It is a film of grace, beauty, and fierce ethical debate, the story of a decision in favor of romance and against the samurai code. The plot involves the sexual convenience of the lord, who first forces the Sasahara family to accept his discarded mistress and then wants her back again. Lady Ichi (Yoko Tsukasa) was forced to become the lord's lover, bore him a son, and then in anger struck the old man, pulled his hair, and disgraced herself. The lord decrees she must be banished, and orders her to marry Yogoro (Go Kato), one of the two sons of the Sasaharas.
This does not please the family, but they obey the lord. After the marriage, Isaburo sees a way out of his unhappy subservience to his wife. He retires and names Yogoro head of the family. Yogoro explains to Ichi that his father dislikes his mother, "but has borne everything." Now Ichi will be the woman who manages the household: "You needn't hold back because of the old woman."To everyone's surprise, Ichi and Yogoro learn to love each other, and their marriage is blessed with a daughter named Tomi. When Yogoro asks his wife why she attacked the lord, she replies simply: "I felt as if a hairy worm was crawling over me."

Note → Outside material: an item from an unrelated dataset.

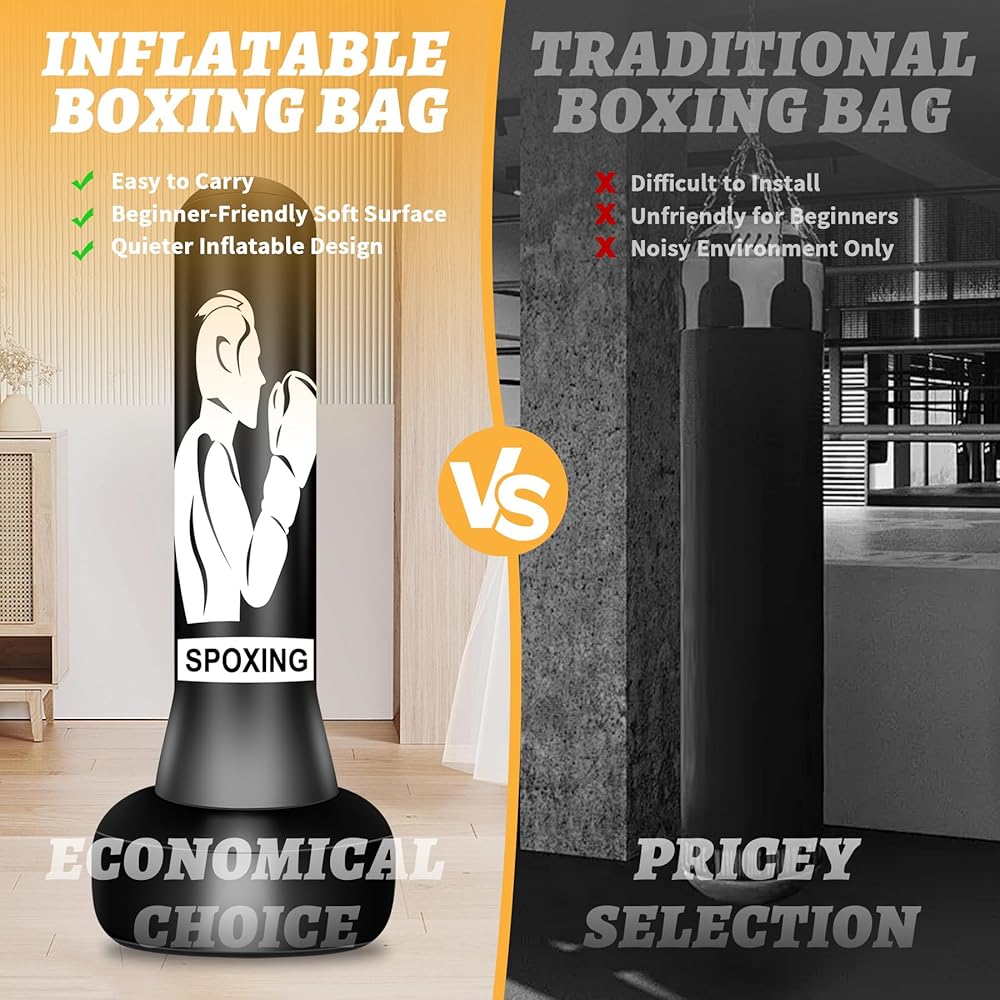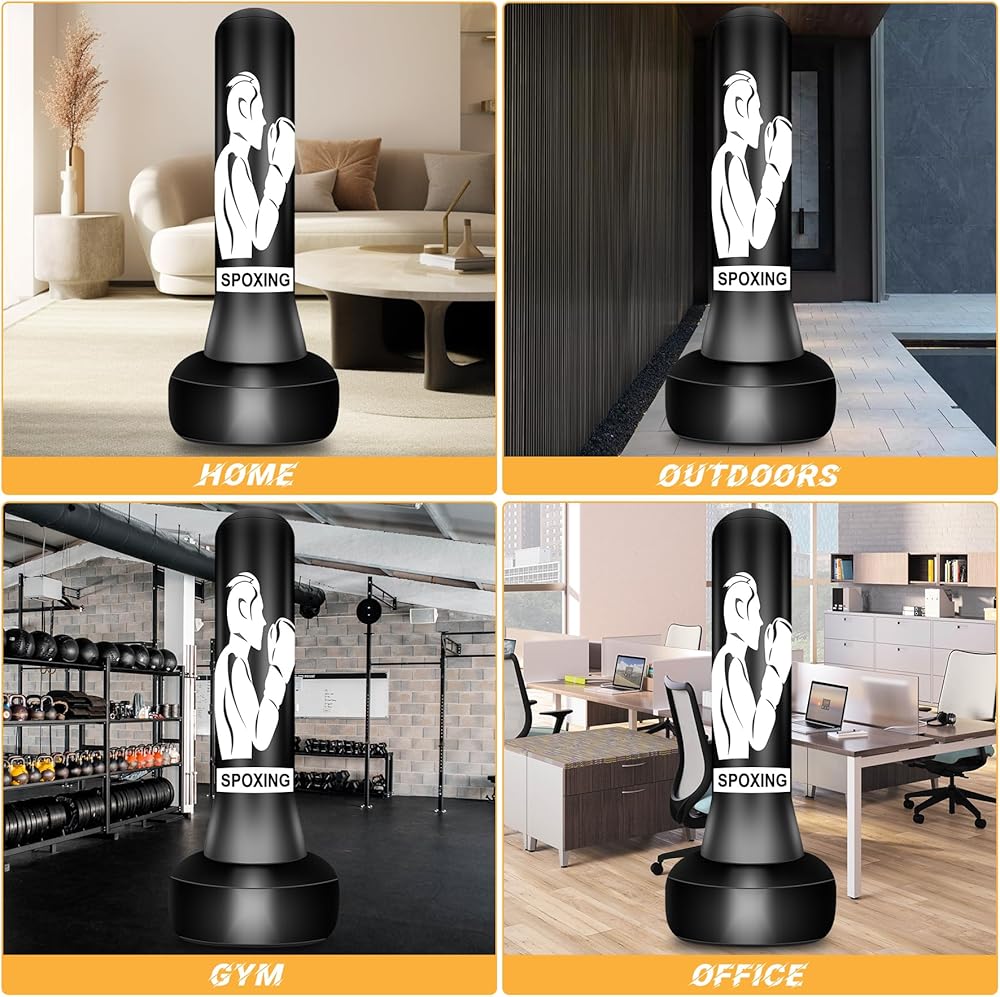 Punching Bag for Adults: Vobab boxing bag are factory-inspected for top quality, ensuring no air leaks for uninterrupted workouts; The Punching Bag is 70'' tall, perfect for teens and adults; High quality PVC material make the standing punching bag more durable (Boxing gloves and pump not included)Suitable for children aged 36 months and above.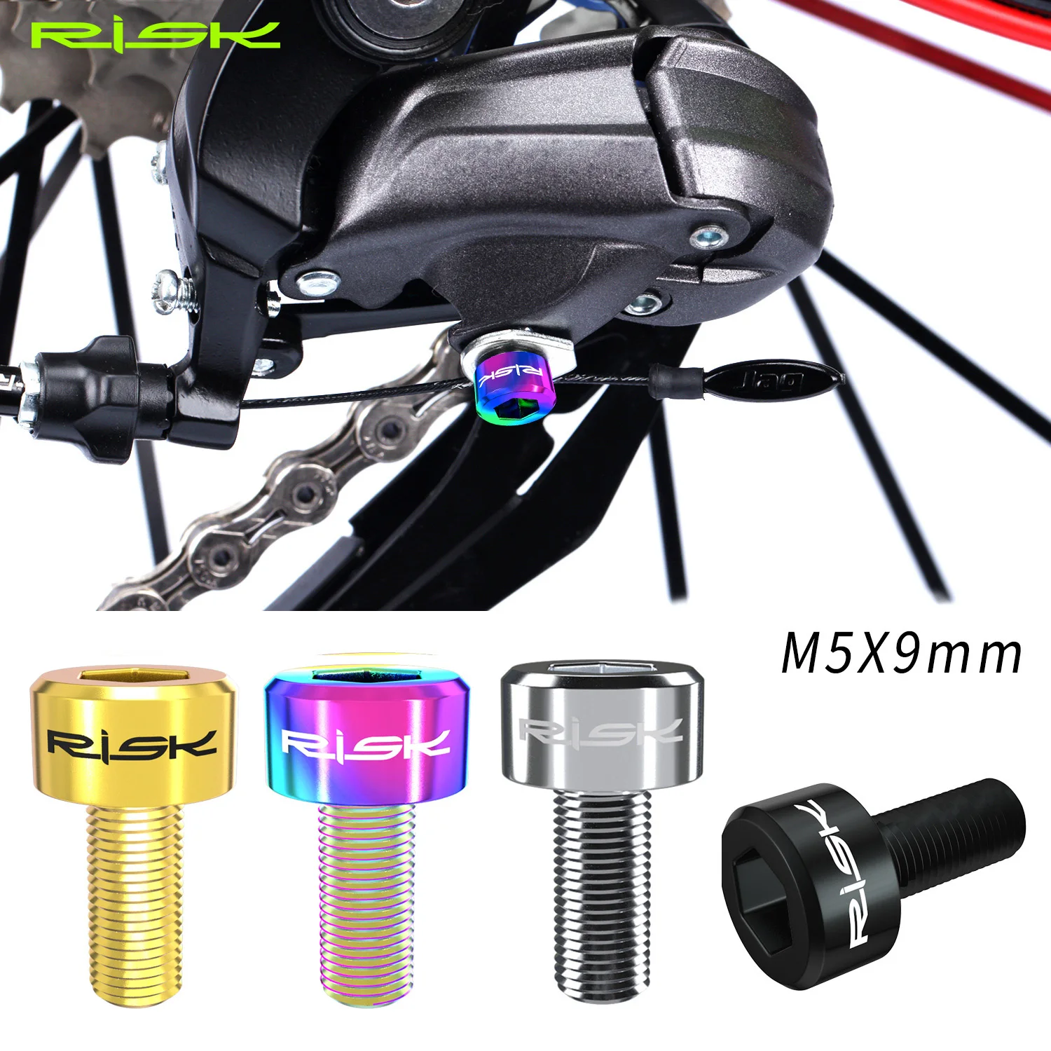 RISK 2PCS M5 x 9mm Titanium Alloy Bolts for Bicycle Front Rear Derailleur Wire Fixing MTB Mountain Road Bike Shift Cable Screws

Edicts from the lord are delivered by the steward (Shigeru Koyama). One day he arrives with news: the lord's heir has died, and the son he had by Ichi is the new heir to the throne. The steward says Ichi must leave the Sasaharas and return to the castle, for it would be improper for the heir's mother to be married to a vassal. As Ichi learns the news, we see her seated in the angle of two rice-paper walls, ominous shadows crawling behind her like insects. She refuses to return. She is supported by her husband and, unexpectedly, by her father-in-law: Isaburo calls it a "cruel injustice," and tells them he has been moved by "your tender love for each other," so unlike his own marriage. So begins the rebellion of the title: father, son, and wife refuse to obey the lord, although Isaburo's wife, Suga (Michiko Otsuka), and their other son are in favor of sending her back to the castle.
I was reading Anthony Trollope's Doctor Thorne when I saw the film, and was struck by how the two plots are similar in the way romance is opposed by a ruthless pragmatism, with social class being used to enforce what the characters should feel. The world of the samurai is far away from us, even further than Trollope's Barsetshire, but the feelings of the characters are universal and fundamental.
When we think of samurai movies, we think of swordplay, but Samurai Rebellion consists almost entirely of domestic life and diplomatic maneuvering until the film's final bloodbath. Isaburo believes he can protest the autocracy of the lord at the court of the emperor, in Edo, and the lord's steward is not eager to see this happen. A period of extraordinary negotiation opens, with bluff and counterbluff, and we see family councils as the Sasahara relatives gather to try to talk the three rebels into accepting the lord's will. Lies are told, intrigues are carried out, Lady Ichi is kidnapped, and yet true love will not be denied.
There is also a curious change in the appearance of Mifune, the most famous of all Japanese stars. In early scenes, he looks so meek, so defeated by his marriage, that we hardly recognize him. As his resolve grows, as he supports Yogoro and Ichi, his famous face seems to take form, and he looks stern and angry, like the Mifune we know.
There is a key turning point. He is walking along the brick pathways in his enclosed stone garden. As he tells Ichi he will support her, he leaves the path, and his sandals make footprints in the carefully raked sand. He has broken the rules, refused to stay between the lines, and placed his own will above that of the lord.
The director Masaki Kobayashi (1916-96) was himself a rebel. I learn from Ephraim Katz's Film Encyclopedia that Kobayashi was a pacifist during World War II. After being drafted into the army and sent to Manchuria, "in a courageous act of personal defiance, he refused promotion and remained a private for the duration."
Defiance would be a subject of his films. His 7be Human Condition (1959) is a three-part, nine-hour film about a conscientious objector who serves in Manchuria just as Kobayashi did and acts not in obedience to the emperor but out of loyalty to his men.